Pressure on for LA to deliver in 2028
MANILA, Philippines — The Olympic flag arrived under bright skies Monday in Los Angeles, where officials now have four short years to organize a Games capable of rivaling the widely praised Paris edition in a notoriously traffic-clogged metropolis.
Los Angeles Mayor Karen Bass landed in a plane emblazoned with palm trees and the logo “LA 2028,” and crossed the tarmac holding the five-ringed banner, accompanied by several US athletes.
“We feel the pressure to make sure that our city and our region is prepared and ready,” she told reporters.
“We have the flag now. It’s on us. We got a lot of work to do Los Angeles,” Bass added.
A timely reminder of potential unique challenges came moments before her plane landed, as a 4.6-magnitude earthquake shook Los Angeles.
“Making sure that we are prepared for events like an earthquake” will be key to infrastructure plans, she said. “But also now we have climate events that we never thought about impacting our region, that we have to be prepared for as well.”
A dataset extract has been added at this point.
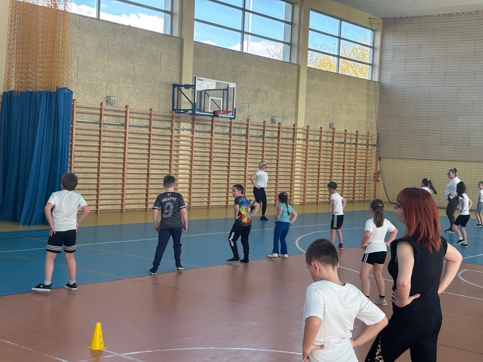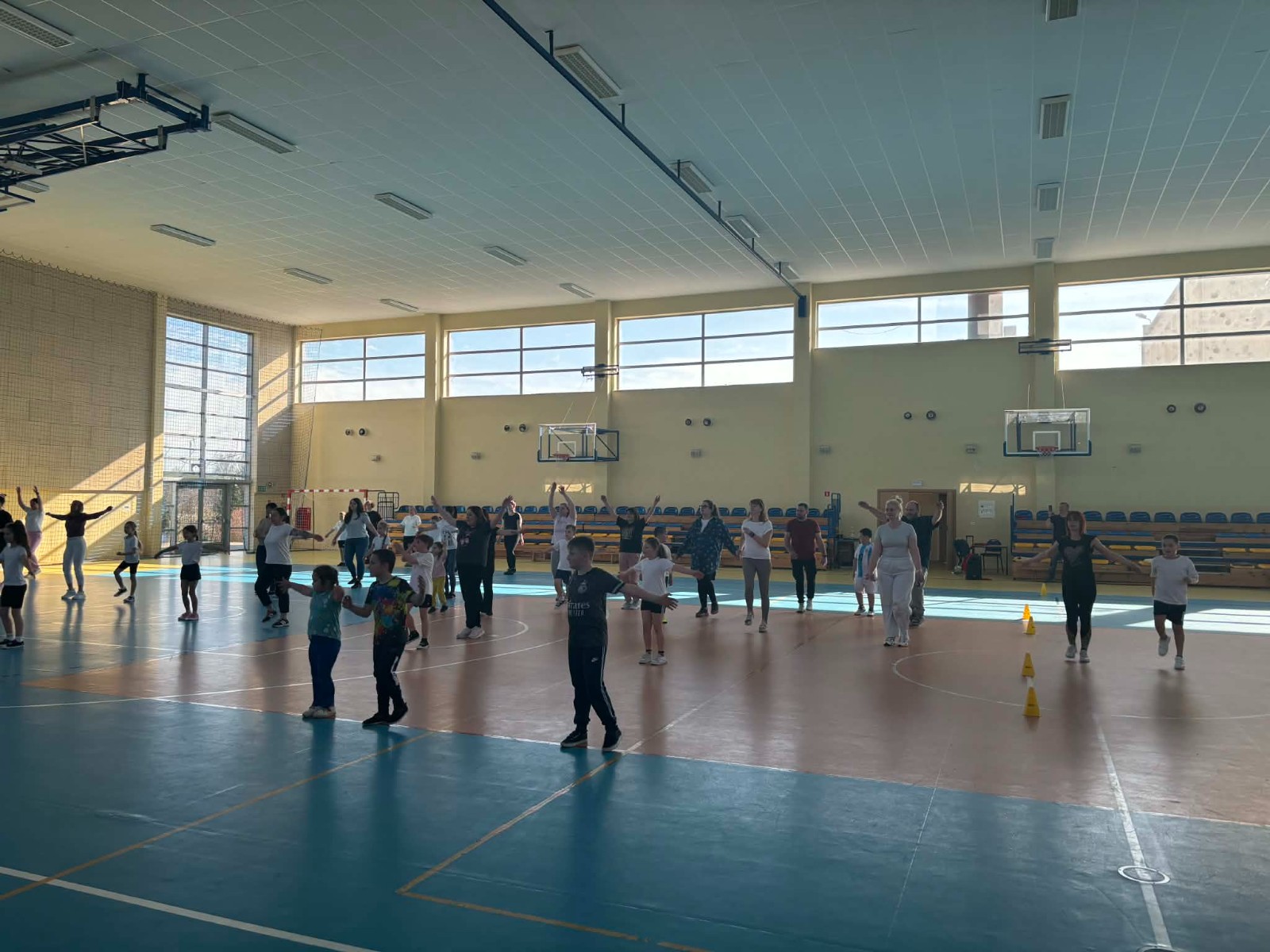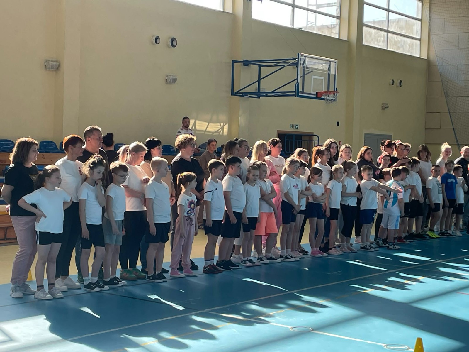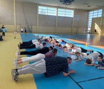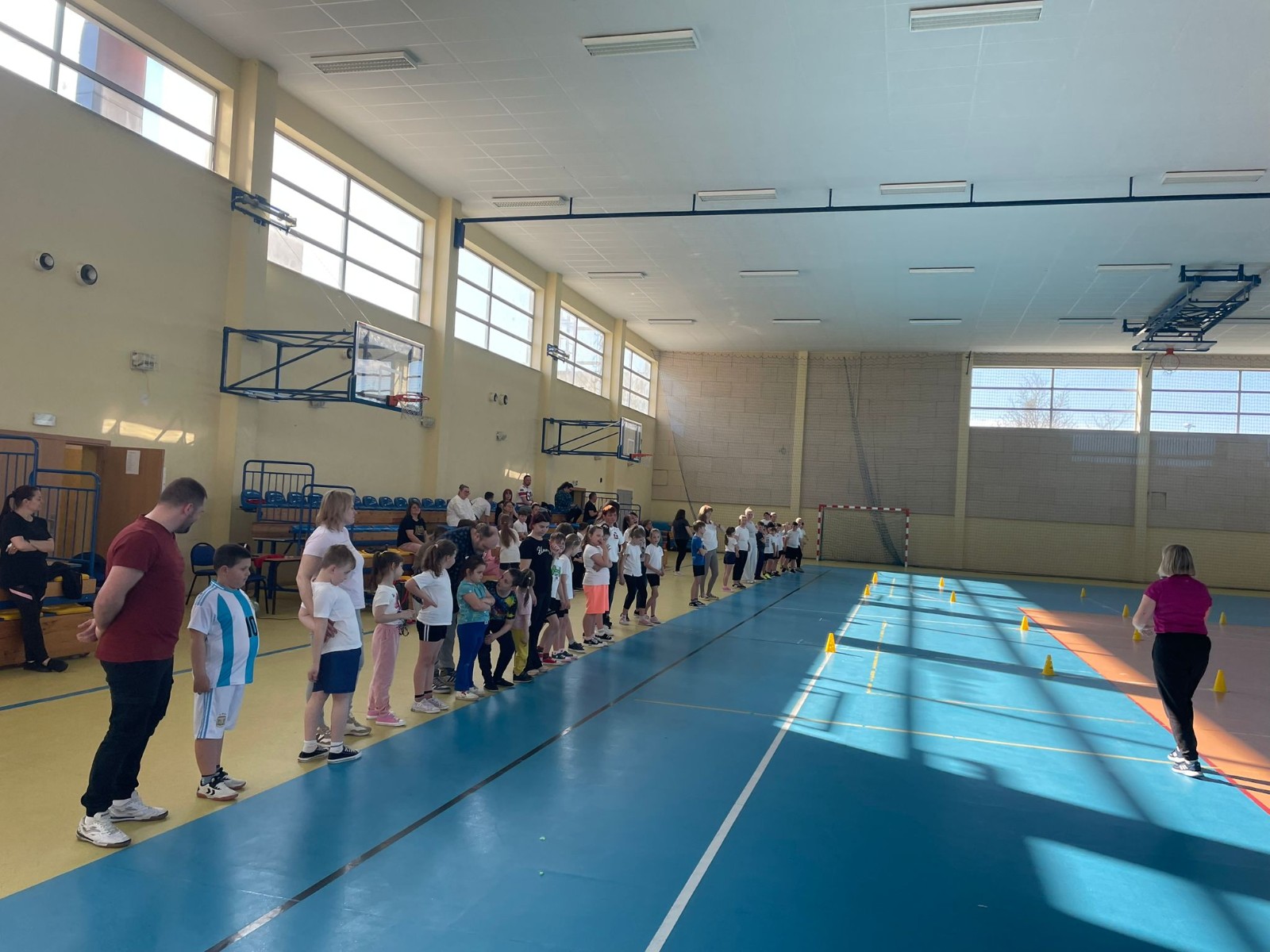 Druga część wywiadówki odbyła się w hali sportowej szkoły i miała charakter praktyczny. Po wspólnej rozgrzewce oraz zabawach ruchowych zaprezentowano rodzicom testy sprawnościowe omawiane wcześniej w części teoretycznej. Rodzice wraz z dziećmi aktywnie uczestniczyli w wykonywaniu ćwiczeń wchodzących w skład testów. Towarzyszyła temu radosna atmosfera, pełna śmiechu, zabawy i zdrowej rywalizacji. Dzięki temu rodzice mogli w praktyce zapoznać się z przebiegiem testów oraz porównać własne możliwości z wynikami swoich dzieci. Dzieci natomiast miały okazję obserwować aktywność fizyczną swoich rodziców.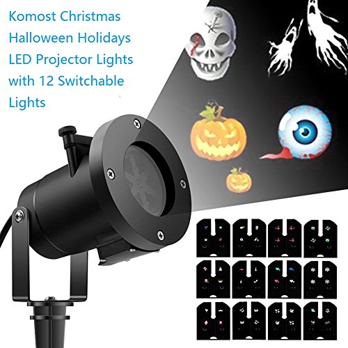 Christmas Halloween Projector Lights, Komost LED Projector Lights with 12 Switchable Patterns, Indoor and Outdoor for Holiday Lanscape Decoration

Still, the biggest challenge will inevitably be transport.
In Paris for the closing ceremony last weekend, Bass outlined plans for Los Angeles to deliver a “no-car Games.”
In a city addicted to private vehicles, where gigantic freeways criss-cross the urban sprawl and traffic jams are a daily inevitability, that pledge is ambitious.
“I’m skeptical we’ll actually achieve that, but I know we’re going to try,” said James Moore, an industrial and systems engineering professor at University of Southern California.
Los Angeles does have a subway network, but at just five-and-a-half lines and relatively infrequent service, it is tiny for the region’s 10 million residents.
Authorities plan to bring in 3,000 buses, borrowed from all over the country, and to create dedicated road lanes for them.
Public transport will receive priority over private cars, which will not be banned.
Not all Olympic sites are expected to have parking.
The last time Los Angeles hosted the Olympics, in 1984, many residents left the city, averting a traffic nightmare.